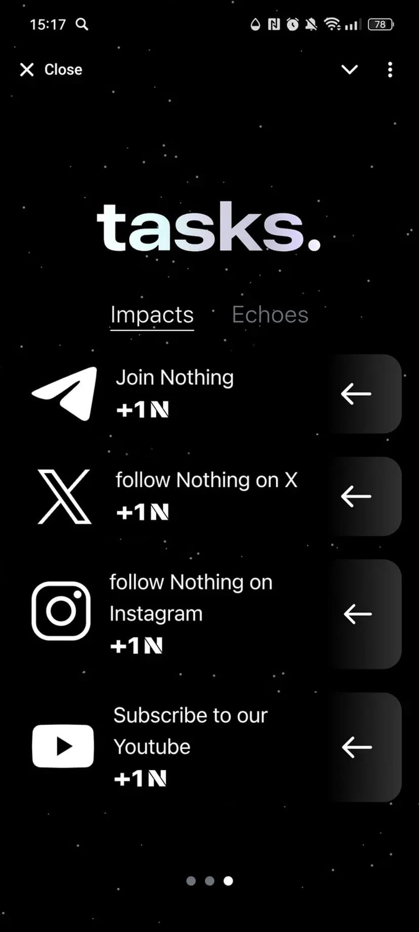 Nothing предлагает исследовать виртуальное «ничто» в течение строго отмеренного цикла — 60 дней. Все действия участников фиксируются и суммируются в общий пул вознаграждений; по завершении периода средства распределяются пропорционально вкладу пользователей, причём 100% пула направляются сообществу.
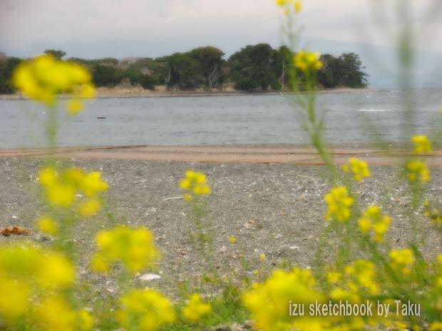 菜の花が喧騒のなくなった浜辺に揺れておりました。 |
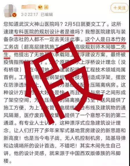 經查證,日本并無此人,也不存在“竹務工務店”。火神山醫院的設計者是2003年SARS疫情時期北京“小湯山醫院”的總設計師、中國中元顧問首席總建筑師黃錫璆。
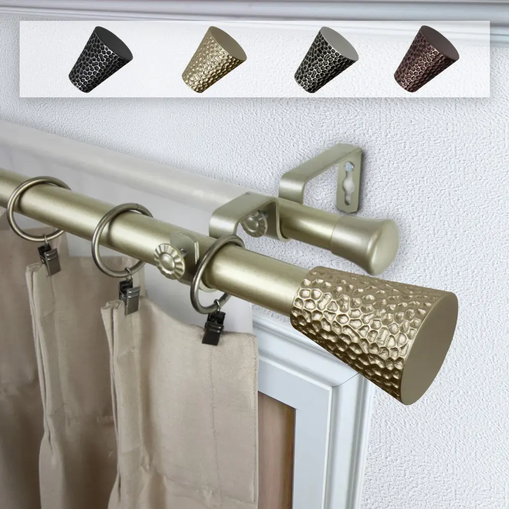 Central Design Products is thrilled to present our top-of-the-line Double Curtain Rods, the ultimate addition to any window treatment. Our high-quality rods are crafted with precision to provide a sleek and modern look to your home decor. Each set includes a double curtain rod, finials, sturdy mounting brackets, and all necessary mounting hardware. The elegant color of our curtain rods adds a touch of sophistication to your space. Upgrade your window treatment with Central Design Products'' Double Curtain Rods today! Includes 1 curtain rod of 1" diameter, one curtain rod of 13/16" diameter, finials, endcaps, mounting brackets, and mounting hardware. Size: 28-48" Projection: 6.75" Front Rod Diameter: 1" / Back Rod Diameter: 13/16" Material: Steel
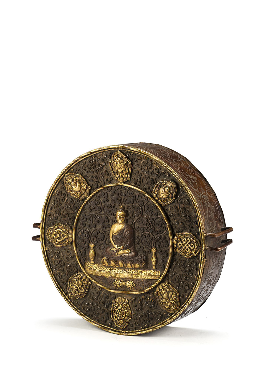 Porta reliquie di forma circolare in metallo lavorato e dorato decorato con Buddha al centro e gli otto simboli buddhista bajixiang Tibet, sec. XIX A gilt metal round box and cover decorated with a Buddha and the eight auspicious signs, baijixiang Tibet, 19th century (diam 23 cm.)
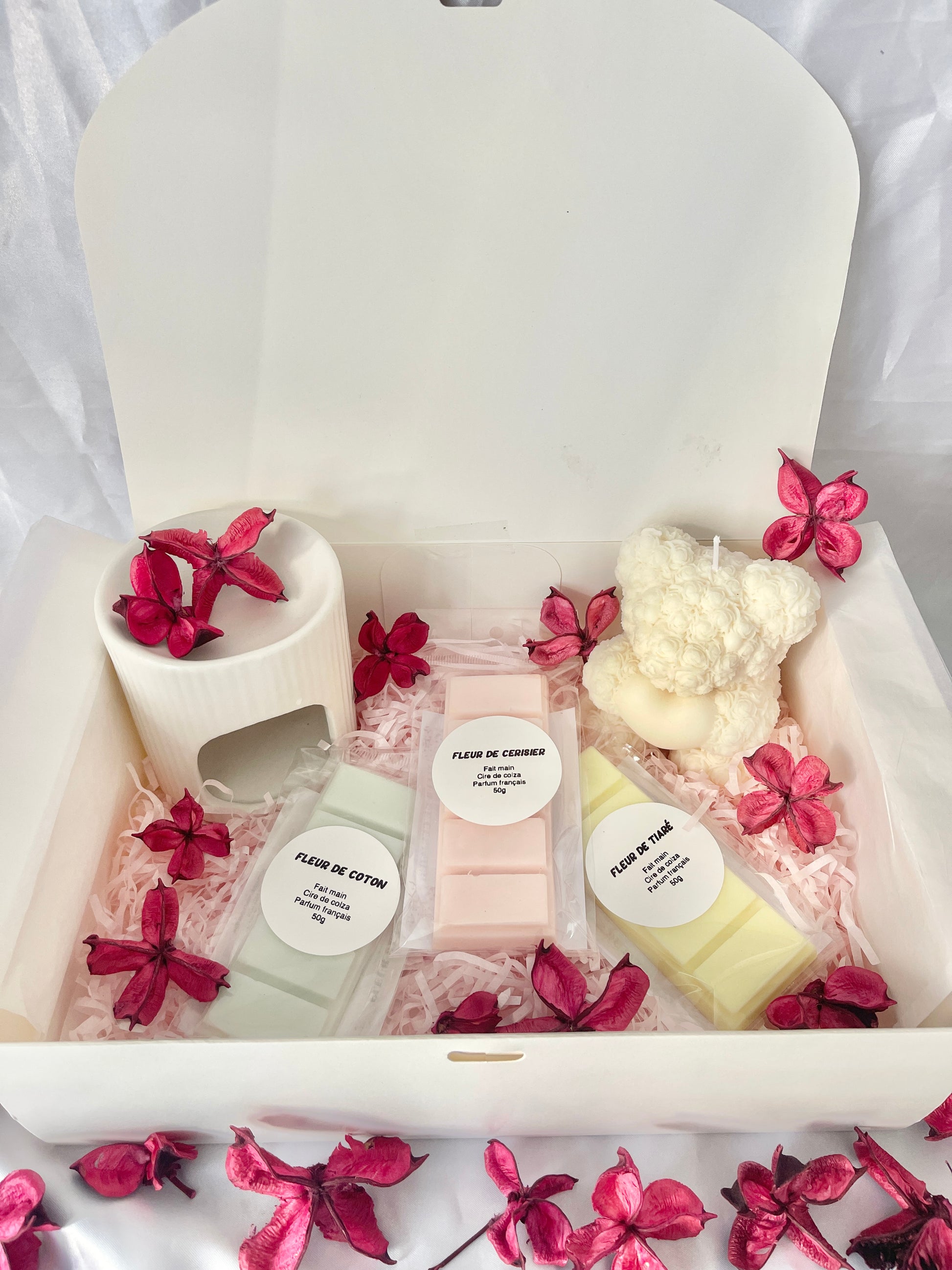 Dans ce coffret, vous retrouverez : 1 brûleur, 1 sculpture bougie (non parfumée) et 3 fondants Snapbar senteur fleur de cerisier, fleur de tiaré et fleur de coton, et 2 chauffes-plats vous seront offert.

##############################

## What you have to do
Copy the entries exactly. Leave out the images.

## Exercise response
 Nothing предлагает исследовать виртуальное «ничто» в течение строго отмеренного цикла — 60 дней. Все действия участников фиксируются и суммируются в общий пул вознаграждений; по завершении периода средства распределяются пропорционально вкладу пользователей, причём 100% пула направляются сообществу.
 菜の花が喧騒のなくなった浜辺に揺れておりました。 |
 經查證,日本并無此人,也不存在“竹務工務店”。火神山醫院的設計者是2003年SARS疫情時期北京“小湯山醫院”的總設計師、中國中元顧問首席總建筑師黃錫璆。
 Central Design Products is thrilled to present our top-of-the-line Double Curtain Rods, the ultimate addition to any window treatment. Our high-quality rods are crafted with precision to provide a sleek and modern look to your home decor. Each set includes a double curtain rod, finials, sturdy mounting brackets, and all necessary mounting hardware. The elegant color of our curtain rods adds a touch of sophistication to your space. Upgrade your window treatment with Central Design Products'' Double Curtain Rods today! Includes 1 curtain rod of 1" diameter, one curtain rod of 13/16" diameter, finials, endcaps, mounting brackets, and mounting hardware. Size: 28-48" Projection: 6.75" Front Rod Diameter: 1" / Back Rod Diameter: 13/16" Material: Steel
 Porta reliquie di forma circolare in metallo lavorato e dorato decorato con Buddha al centro e gli otto simboli buddhista bajixiang Tibet, sec. XIX A gilt metal round box and cover decorated with a Buddha and the eight auspicious signs, baijixiang Tibet, 19th century (diam 23 cm.)
 Dans ce coffret, vous retrouverez : 1 brûleur, 1 sculpture bougie (non parfumée) et 3 fondants Snapbar senteur fleur de cerisier, fleur de tiaré et fleur de coton, et 2 chauffes-plats vous seront offert.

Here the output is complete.